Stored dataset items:
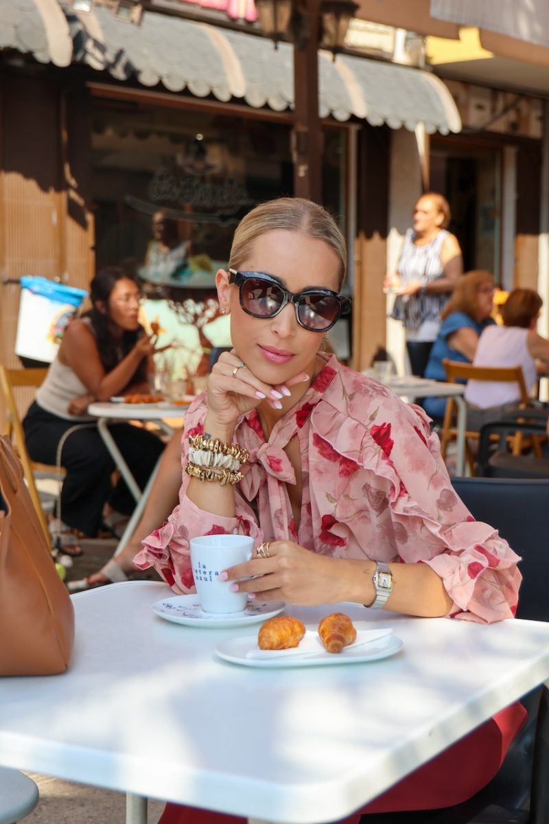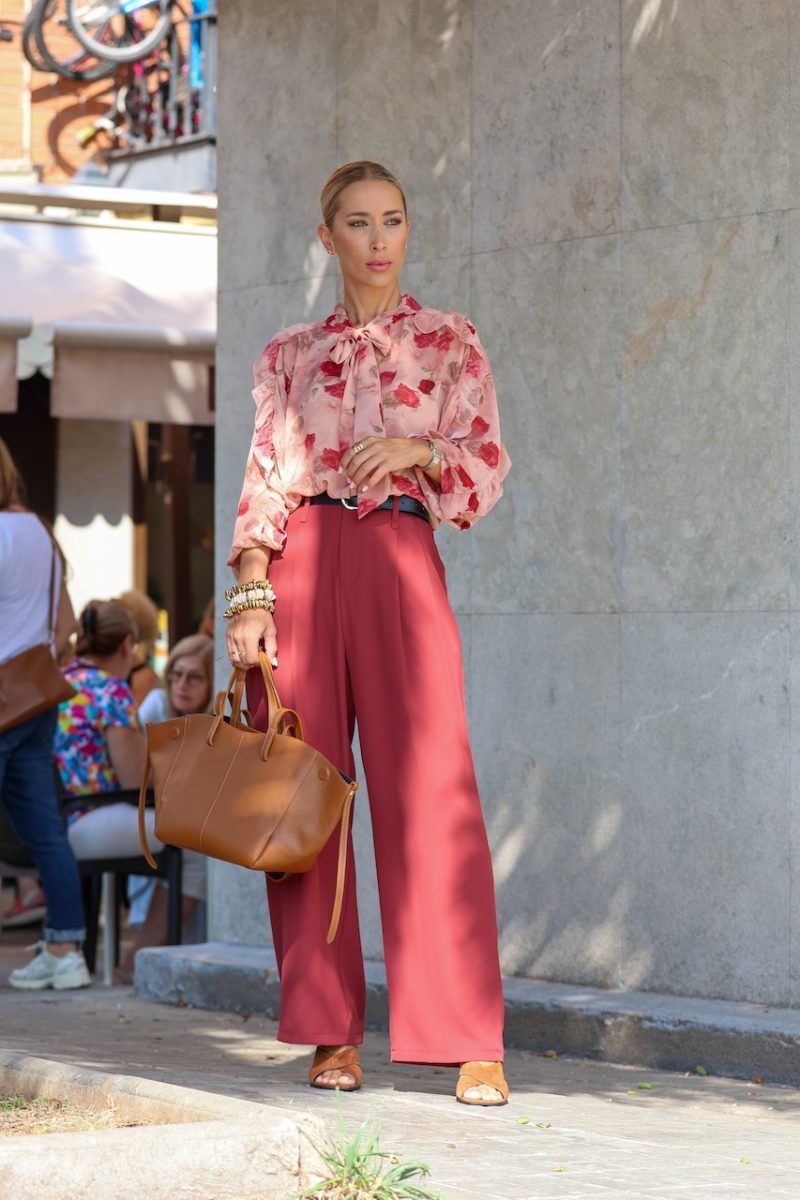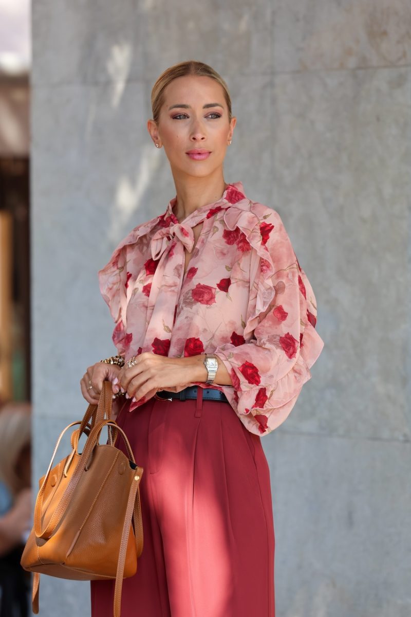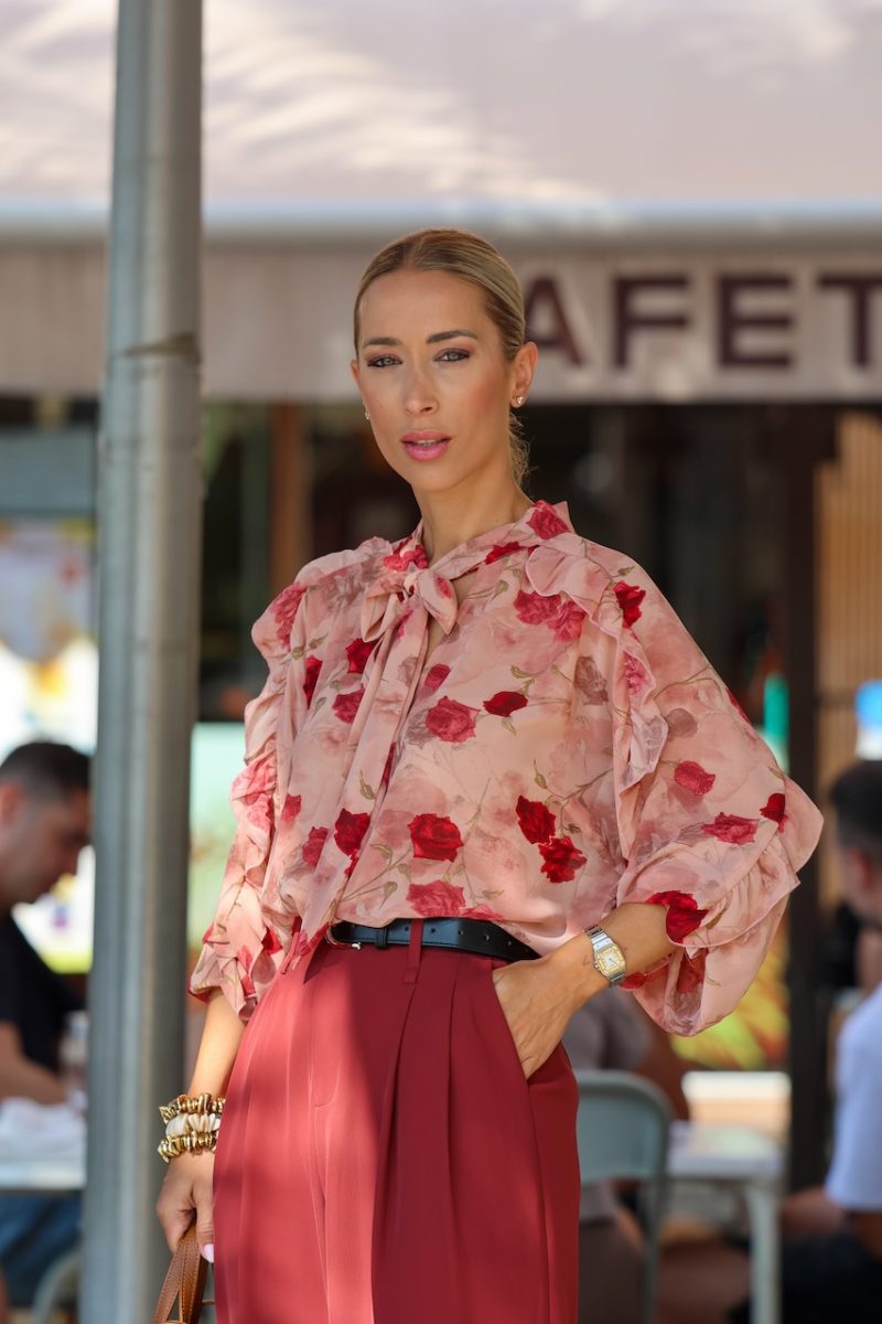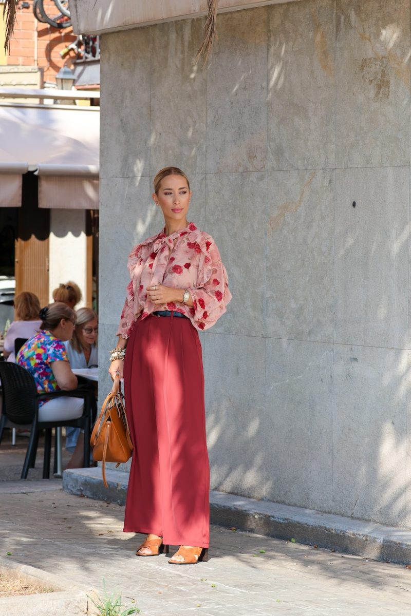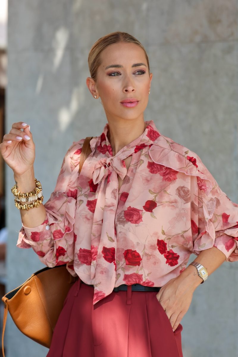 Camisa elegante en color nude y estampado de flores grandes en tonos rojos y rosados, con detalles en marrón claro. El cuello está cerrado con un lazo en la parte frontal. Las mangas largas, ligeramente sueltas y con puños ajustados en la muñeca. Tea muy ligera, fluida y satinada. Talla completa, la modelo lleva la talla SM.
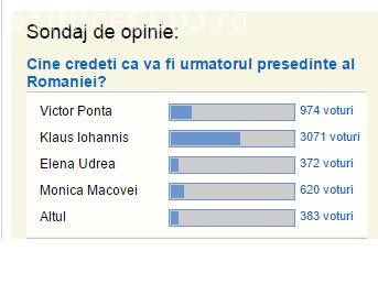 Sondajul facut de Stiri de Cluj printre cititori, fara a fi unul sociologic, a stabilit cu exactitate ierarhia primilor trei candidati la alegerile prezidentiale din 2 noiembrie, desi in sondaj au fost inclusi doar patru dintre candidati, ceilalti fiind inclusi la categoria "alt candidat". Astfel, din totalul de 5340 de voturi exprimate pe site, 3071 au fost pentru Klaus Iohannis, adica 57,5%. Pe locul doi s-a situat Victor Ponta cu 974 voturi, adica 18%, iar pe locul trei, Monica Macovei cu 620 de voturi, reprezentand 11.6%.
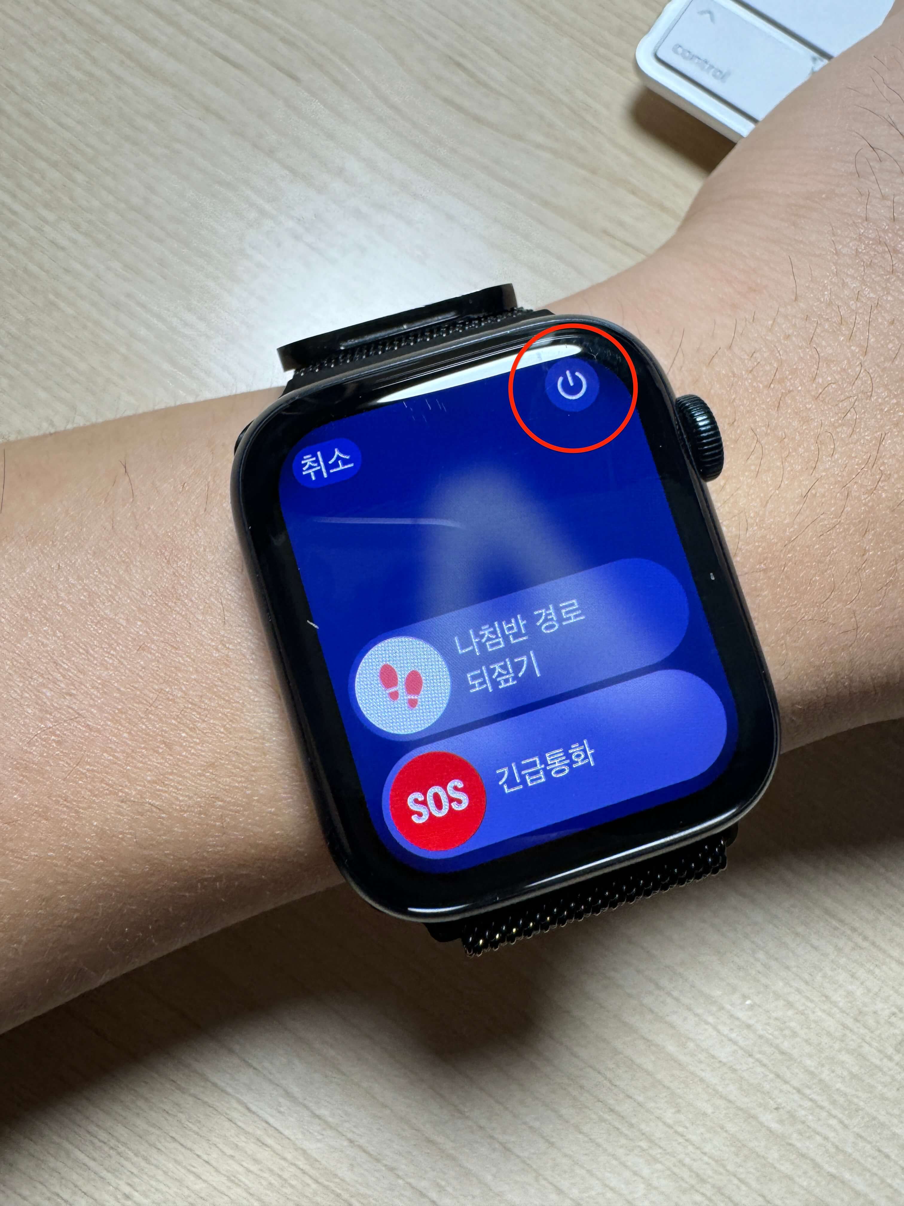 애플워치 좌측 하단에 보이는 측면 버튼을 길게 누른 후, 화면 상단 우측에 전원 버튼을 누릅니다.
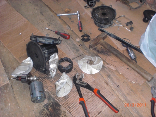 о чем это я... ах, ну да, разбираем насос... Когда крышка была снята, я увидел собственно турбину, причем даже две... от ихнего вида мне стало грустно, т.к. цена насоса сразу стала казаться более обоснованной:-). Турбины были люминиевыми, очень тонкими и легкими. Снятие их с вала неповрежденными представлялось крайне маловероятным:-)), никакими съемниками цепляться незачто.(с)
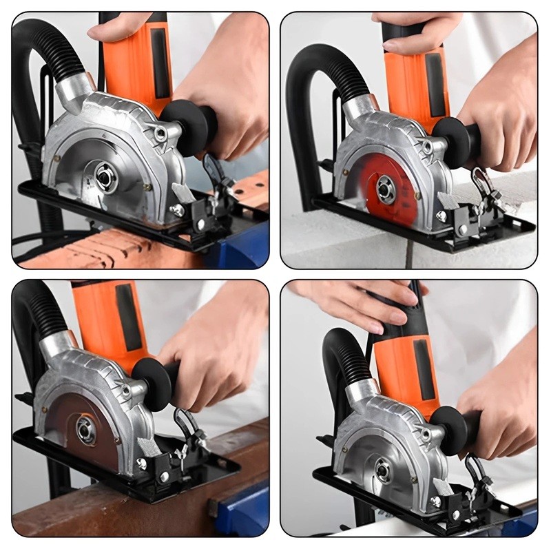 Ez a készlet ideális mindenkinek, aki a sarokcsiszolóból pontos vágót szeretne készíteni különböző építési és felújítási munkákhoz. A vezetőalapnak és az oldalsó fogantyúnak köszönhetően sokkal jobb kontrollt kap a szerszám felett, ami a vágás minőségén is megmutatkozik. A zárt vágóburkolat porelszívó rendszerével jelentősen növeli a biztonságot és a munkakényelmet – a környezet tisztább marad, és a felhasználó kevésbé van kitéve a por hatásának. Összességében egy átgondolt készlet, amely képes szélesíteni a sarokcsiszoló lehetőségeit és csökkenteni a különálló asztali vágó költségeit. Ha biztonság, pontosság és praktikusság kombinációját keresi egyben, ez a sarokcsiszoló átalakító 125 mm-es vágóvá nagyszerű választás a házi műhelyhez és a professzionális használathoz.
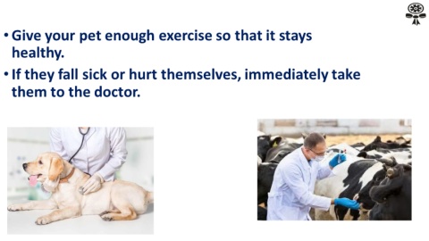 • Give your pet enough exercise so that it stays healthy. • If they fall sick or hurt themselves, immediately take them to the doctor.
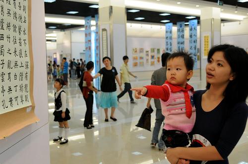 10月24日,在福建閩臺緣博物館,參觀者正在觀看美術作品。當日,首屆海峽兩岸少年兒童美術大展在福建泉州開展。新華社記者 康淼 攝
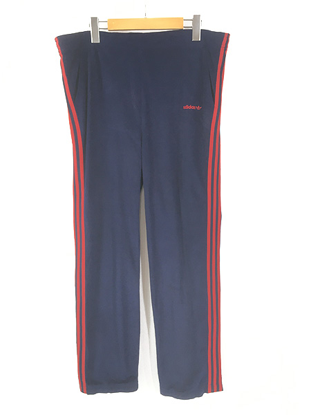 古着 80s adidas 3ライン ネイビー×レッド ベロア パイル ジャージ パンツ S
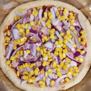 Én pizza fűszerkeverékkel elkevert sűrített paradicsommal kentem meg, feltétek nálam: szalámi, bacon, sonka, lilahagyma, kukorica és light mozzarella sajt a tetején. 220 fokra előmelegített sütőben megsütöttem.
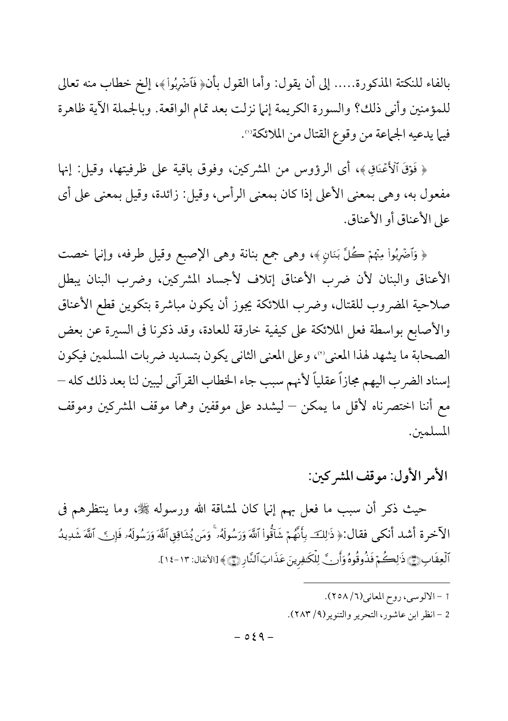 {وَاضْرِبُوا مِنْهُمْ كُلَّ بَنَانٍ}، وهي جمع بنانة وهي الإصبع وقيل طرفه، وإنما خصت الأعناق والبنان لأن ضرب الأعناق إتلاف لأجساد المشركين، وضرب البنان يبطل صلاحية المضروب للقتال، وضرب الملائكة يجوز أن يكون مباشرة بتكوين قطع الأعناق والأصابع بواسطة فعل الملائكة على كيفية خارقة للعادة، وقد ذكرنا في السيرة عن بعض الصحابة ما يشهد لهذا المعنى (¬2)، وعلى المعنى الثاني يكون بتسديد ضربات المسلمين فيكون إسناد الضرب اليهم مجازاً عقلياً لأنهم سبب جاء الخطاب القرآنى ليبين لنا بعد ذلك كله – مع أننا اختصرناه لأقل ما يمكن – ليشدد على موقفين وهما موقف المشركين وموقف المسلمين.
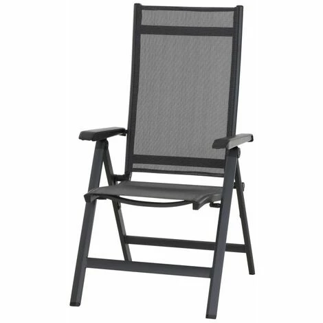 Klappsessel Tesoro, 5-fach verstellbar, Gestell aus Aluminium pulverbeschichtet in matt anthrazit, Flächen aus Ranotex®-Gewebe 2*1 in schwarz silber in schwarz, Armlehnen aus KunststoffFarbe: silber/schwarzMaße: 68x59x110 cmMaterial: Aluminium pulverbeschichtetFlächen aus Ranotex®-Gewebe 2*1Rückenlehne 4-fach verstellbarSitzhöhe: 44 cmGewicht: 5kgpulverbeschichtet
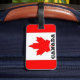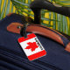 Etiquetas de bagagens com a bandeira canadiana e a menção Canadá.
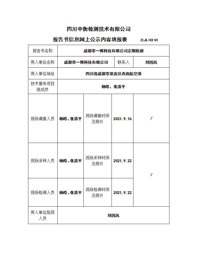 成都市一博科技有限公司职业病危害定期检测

> **Exercise requirements**: All pictures are to be skipped. Output, word for word, the lines in the data above starting at the line containing "애플워치 좌측 하단에" and ending at the line containing "о чем это я...".

> **The answer**:
 애플워치 좌측 하단에 보이는 측면 버튼을 길게 누른 후, 화면 상단 우측에 전원 버튼을 누릅니다.
 о чем это я... ах, ну да, разбираем насос... Когда крышка была снята, я увидел собственно турбину, причем даже две... от ихнего вида мне стало грустно, т.к. цена насоса сразу стала казаться более обоснованной:-). Турбины были люминиевыми, очень тонкими и легкими. Снятие их с вала неповрежденными представлялось крайне маловероятным:-)), никакими съемниками цепляться незачто.(с)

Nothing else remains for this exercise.